Here's an excerpt from a very interesting new paper by Doug Irwin and Anson Soderbery:
What objective is a government trying to achieve in setting import tariffs? ... what factors would drive government behavior in the absence of such agreements when countries have complete autonomy in setting tariff rates? It could be for purely domestic reasons, partly based on social welfare and partly based on industry influence, as in the Grossman and Helpman (1994) "protection for sale" model. Or it could be the desire to impose optimal tariffs that maximize the national advantage through terms-of-trade manipulation. It is difficult to answer this question because the existence of cooperative trade agreements in recent decades does not allow us to observe unconstrained, non-cooperative trade policies by major countries such as the United States that might have both a terms-of-trade motive for tariffs and also be susceptible to producer and consumer interests. ...

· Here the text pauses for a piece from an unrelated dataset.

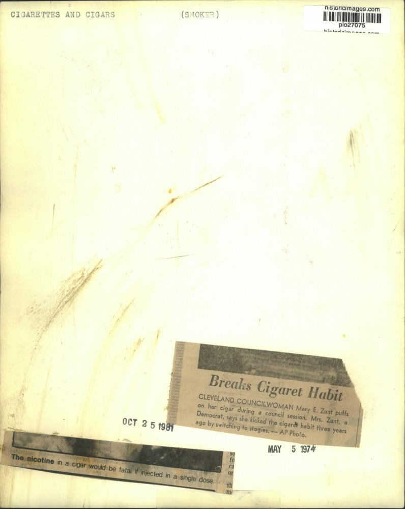 ebay template Note: Please study the images carefully to determine the condition of this vintage photograph, as it may not be in perfect condition. It may contain wrinkles, cracks, and possibly even tears due to its age and how it was handled before it got to us. A scanner may interpret colors and contrast differently than human eyes will, so it is possible that the actual photograph may be slightly darker or lighter in person. This vintage photograph is offered for sale as a collectible item and conveys no transfer of copyright. 1974 Press Photo Councilwoman Mary Zunt smokes during council session in Ohio This is an original press photo. Cigarettes & Cigars (Smoker). Cleveland, Ohio. Cleveland Councilwoman Mary E. Zunt puffs on her cigar during this week's council session. Mrs. Zunt, a Democrat, says she kicked the cigarette habit three years ago by switching to stogies. Photo measures 8 x 10.25inches. Photo is dated 4-24-1974. PHOTO FRONT PHOTO BACK Historic Images Part Number: pio27075 FAQs Q: Can I just download a digital version instead? A: No, we sell only vintage originals and do not make or distribute any copies, including digital ones. Q: Do you combine shipping and invoices? A: Multiple photos won on the same seller ID combine automatically through the eBay checkout process. If you encounter problems with this, send us a message via eBay messaging and we will send you an invoice. Due to eBay limitations, we cannot combine items won on our different seller IDs for a single shipping charge. Q: How quickly do you ship the items once paid? A: We ship within one business day after your payment clears. If you do not receive an "order shipped" email from us by the close of the second business day from submitting payment, please e-mail us via eBay messaging. Q: How do you make sure my photograph arrives safely? A: We package each order between two cross-corrugated pieces of cardboard to ensure that the package is as difficult to bend as possible. We then wrap each order in a plastic sheet to help protect against moisture. We want you to rest assured that we take every precaution to ensure that the photograph you receive will be in the same condition in your care as it was in ours. Q: Will the "Historic Images" watermark be on my photo when I receive it? A: No. This is a digital watermark we use to protect our images. It is not printed on the photo. Q: What are your office hours? A: eBay for us is a business, and a very fun one to be in! We are open M-F 9 to 5 (CST). Therefore, we do not return e-mails and phone calls over the weekend. We observe the following holidays: New Years Day, Memorial Day, Fourth of July, Labor Day, Thanksgiving and the day after Thanksgiving, Christmas Eve and Christmas Day. Q: Where did all these vintage photos come from? A: These original vintage photographs are from various news service and newspaper photo archives from locations around the country including: Boston, Detroit, Tampa, Chicago, Denver, Seattle, New Orleans, Milwaukee, Portland, Spokane, and more. We do not copy or reproduce any photographs -- every item is a unique vintage piece that was housed in a news archive. Q: Can I use this photograph in my book/blog/website? A: The short answer is no. There is no transfer of copyright for republication or reproduction with these photographs when you purchase them, and only photographs taken before 1923 are currently automatically in the public domain. Permission from the copyright holder, which usually can be identified from the back of each photo, must be sought to republish or reproduce the image for any purpose. Q: Do you relist items (in case I miss an auction ending)? A: Auction items that receive no bids are relisted in our store (historicimages-store on eBay) as a fixed-price item and at a higher price than the starting auction price. Q: Do you leave feedback? A: Yes, we always leave feedback for buyers. Our software monitors when our buyers leave us feedback, then notifies us that we can leave feedback for the buyer. Rest assured, if you leave feedback, we will do the same! Check out our family of eBay IDs: historicimages01 Sports Photos historicimages02 Entertainment Photos historicimages03 Americana Photos historicimages04 International & War Photos historicimages05 Transportation Photos historicimages06 Photos of All Subjects historicimages07 Entertainment Photos historicimages08 Newsworthy Photos historicimages09 Entertainment Photos historicimages10 Sports Photos historicimages-store Our largest fixed-price selection historicimages-gallery Hand-picked photos Saturday night auctions About Us Historic Images was formed in September 2009, with a handful of scanners working out of a basement to digitize newspaper photo archives. We have since moved out of the basement, and we can now archive thousands of photos per day. Our company has worked with magazines and newspapers from Detroit, Boston, Denver, Seattle, Tampa, Chicago, and New Orleans, just to name a few. We are constantly adding to our inventory, and have assembled an archive of millions of photos to date. As our company evolved, we began our eBay business, which brings thousands of fresh auctions per week to the world's largest online auction marketplace. Our custom software systems and team of great employees allow us to efficiently scan and sell large photo archives online. At the very core of our company's DNA is a strong commitment to customer satisfaction and strict integrity for our product. Our promise to you is that we will do everything in our power to provide you a great buying experience. Copyright 2009 - Present, Historic Images, Inc. Sell Smarter with Kyozou. Inventory and Ecommerce Management

This paper seeks to shed light on non-cooperative tariff setting in a large country by looking at the United States in a unique historical period when its tariff policy was unconstrained by international agreements and was therefore set purely for domestic reasons, not in multilateral negotiations. We focus on the late 1920s and early 1930s, around the time of the Smoot-Hawley tariff of 1930, a period when tariffs were the only major instrument of trade policy (import quotas were not yet employed) and industry lobbying was fairly transparent as revealed in the Congressional hearings on the tariff schedule. At the same time, as the world’s largest economy, the United States was likely to have had market power vis-a-vis imports and therefore may have benefited from an optimal tariff in the absence of retaliation. The availability of highly detailed import data allows us to estimate trade elasticities at what today would be considered the 4-digit level. Thus, in this historical period when the U.S. policymakers (members of Congress) had complete discretion in setting tariffs, we can examine whether tariffs were set on the basis of market power (trade elasticities) or domestic political factors (industry lobbying) and to determine the relative weights placed on both.
... We find that the median (inverse) export supply elasticity implies a median optimal tariff of 14 percent and that there is a weak but positive relationship between the implied optimal and actual applied tariff. In Section 4 we introduce lobbying and find that these political-economy determinants of tariffs slightly dominate the terms of trade factors in explaining the pattern of tariffs across goods. We also decompose the applied tariffs into lobbying and terms of trade components, suggesting that about half of the tariff level is due to firm lobbying with the remainder split between worker lobbies and terms-of-trade factors.
Over on Twitter, I asked Doug this question: "In cases where the tariff was an optimal one, do you think that was more a result of skilled calculation or dumb luck?" His response was: "Knowing what I know about the political process, luck! US didn't impose tariffs on coffee, silk, etc where arguably there would have been a terms of trade gain because there was no industry lobbying for tariffs."